There was no moon and no stars and it was icily cold. The rain stung her cheeks and bounced off the muddy drive like bullets. The wind whipped her hair against her skin. Almost immediately Gaby's hands felt raw and her chin, nose and ears burnt. She pulled up the hood of her jacket and set off towards the hillside, feeling her boots sink into claggy mud. She clambered over a slimy stile, disentangled herself from tenacious briars, stumbled at a rabbit hole, but on she tramped until she was far enough up the hill to turn round and look back at the cottage. From this distance, it seemed quite cosy: the lights were on in all the rooms and smoke was rising out of the chimney. She clambered higher and the cottage became smaller, a fuzz of soft light in the streaming darkness. She was wet through; the waterproof jacket seemed designed to funnel rain on to various parts of her body; it ran in a channel round the collar and spouted down her neck; it gushed off the gutter of its hem on to her jeans, which stuck to her thighs uncomfortably. Her
boots were full of water and made a sucking noise with every step she took. Rain poured down her cheeks and dripped off her nose. Her ears were throbbing with cold and her eyes filled with tears, which were viscous in the low temperature. Several times she stumbled and fell, and with each fall into ice and mud her spirits rose. She was hungry, she was soaking, she was freezing, she was tired and alone and scared. But she was all right.

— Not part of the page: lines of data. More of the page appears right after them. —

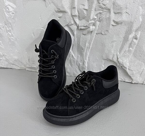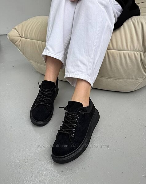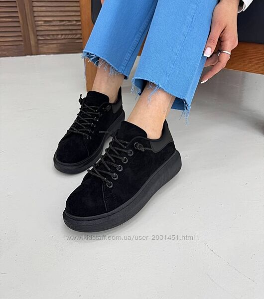 Кеды женские базовые, эко-замша, фабричного качества, черные, белые
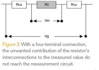 在低阻值電阻中,端子的阻值和溫度系數的影響往往是不能忽略的,實際設計中應充分考慮這些因素,可以使用附加的取樣端子直接測量金屬材料兩端的電壓。如圖3所示,一個四端子的連接將允許測量系統實際用到的阻值為R0,而普通的連接的阻值為R0+2xRCu 。例如,10 mm長0.3 mm線徑的銅線會增加2.4 mΩ的RCu阻值,4mm長0.2mm寬 35 μm厚度的PCB引線的RCu阻值是10 mΩ
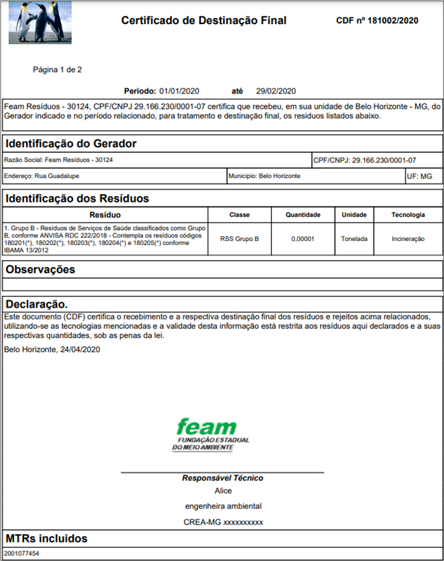 No sistema também é emitido o Certificado de Destinação Final (CDF) pelos empreendimentos de destinação de resíduos, atestando a destinação, final ou intermediária, dos resíduos e rejeitos recebidos. Dessa forma, a plataforma constitui importante instrumento de gestão e fiscalização, permitindo o monitoramento, pelos órgãos ambientais e de limpeza urbana, da geração, armazenamento temporário, transporte e destinação final dos resíduos para os quais o MTR é obrigatório, no território mineiro.
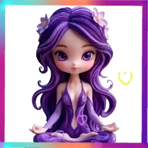 Uma menina de olhos roxos e cabelos longos e roxos sentada em posição de meditação, vestindo uma roupa roxa e com flores no cabelo.
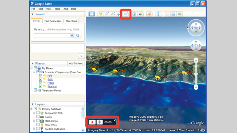 طرحت شركة «غوغل» ميزات إضافية مع طرح الإصدار الاحترافي من تطبيق Google Earth، حيث سمحت للمستخدم بإنشاء الجولات باستخدام التطبيق وإضافة الأماكن والصور، فضلاً عن مشاهدة المعالم واستكشاف الأرض وبعض الكواكب. كما سمحت باستخدام ميزة «السرد الصوتي» Audio Narration. ويعني ذلك أن بإمكان المستخدم الاستعانة بـ«ميكروفون» جهاز الحاسب في التعليق على أحداث الجولات التي ينشئها باستخدام التطبيق، والاحتفاظ بملف يحتوي على الصورة والصوت بصيغة Kmz. فإذا كنت ترغب في استخدام هذه الميزة إليك النصائح التالية: عند إنشاء جولة جديدة، انقر أيقونة «الميكروفون» في نهاية الجانب الأيسر من نافذة العرض بدلاً من زر التسجيل ليبدأ التطبيق في تسجيل صوتك من «ميكروفون» الحاسب.
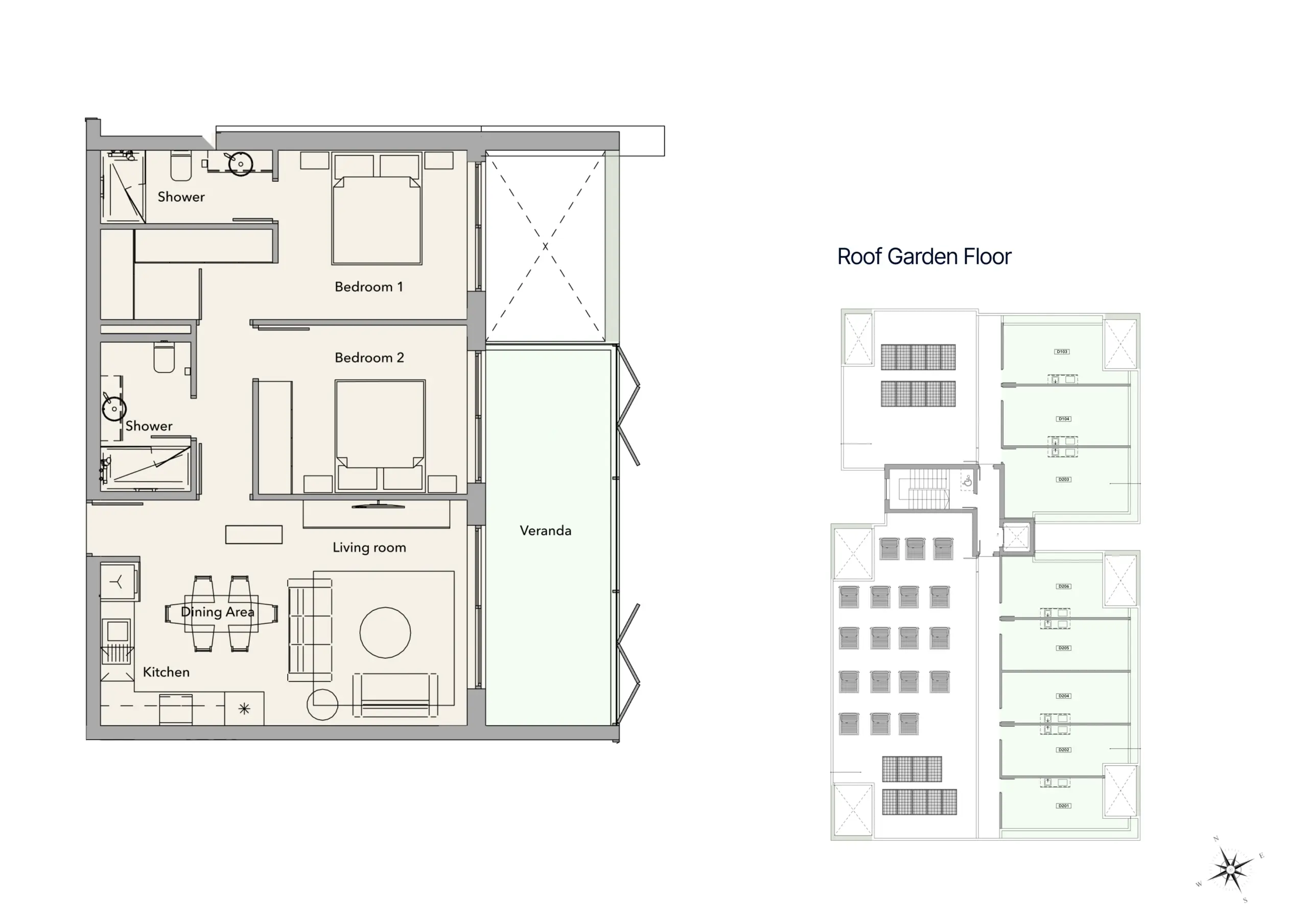 D202 — 2 Bedroom, Pool View & Roof Garden
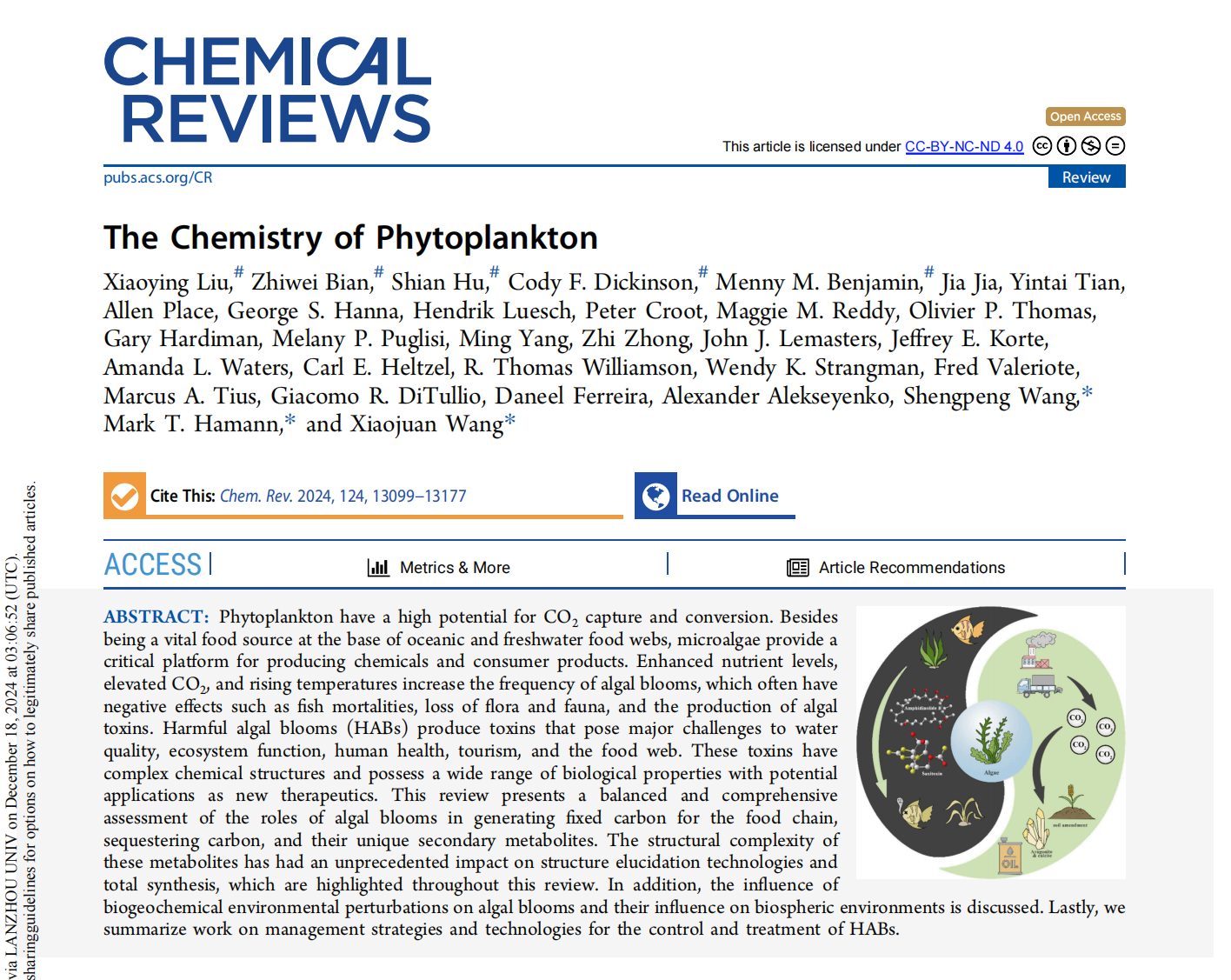 兰州大学药学院王晓娟青年研究员团队于2024年11月在《Chemical Reviews》杂志上发表了题为“The Chemistry of Phytoplankton”的综述论文(Chem. Rev.2024, 124, 13099),DOI:10.1021/acs.chemrev.4c00177,影响因子51.5。

Gaby didn't get back to the cottage until past seven o'clock. She peeled off her sodden layers of clothing inside the door, then ran up the stairs to towel her hair and pull on her thick dressing-gown. A few minutes later she went into the sitting room, put more logs on the dying fire and blew on the embers to get it going again. Next, she went into the kitchen and considered what to eat that evening. She opened the fridge and studied the food Connor had given her. Tomorrow, she thought, she would have the lasagne, but tonight she would make herself bacon and eggs, mopped up with a baguette and swilled down with mugs of strong tea. She remembered seeing tins on the shelf in the larder and when she went to look, she found baked beans. Better and better – Connor hated baked beans and Gaby couldn't remember the last time she'd eaten them. Perhaps she'd even have the meal in bed, with blankets piled on top of the duvet, and
David Copperfield
open in front of her.

Which was what she ended up doing. She left the curtains in the bedroom open so she could see out of the window from where she lay propped up in bed, several pillows behind her back, the hot-water bottle at her feet
and on her lap a plate of bacon covered with broken, oozing egg and sticky orange beans, that she pushed onto her fork with pieces of buttered baguette. The rain continued, and when she snuggled down under the duvet and closed her eyes, its steady patter against the pane comforted her. It was the last thing she heard as she sank into sleep.

She woke with a start, confused. Where was she? She gazed out of the window, wondering if a sound apart from the rain and the wind had woken her, then, just as she was about to slide back to unconsciousness, a thought snagged her and she groaned. She had left the car door open when she was trying to light the stove with its cigarette lighter. The interior lights had been on for hours, and now the battery would probably be flat. She knew she should go and shut it, but her bed was piled high with blankets and the place where she lay was so beautifully warm. She folded herself up more tightly in the duvet and laid her arm over her eyes to shut out any vestige of light.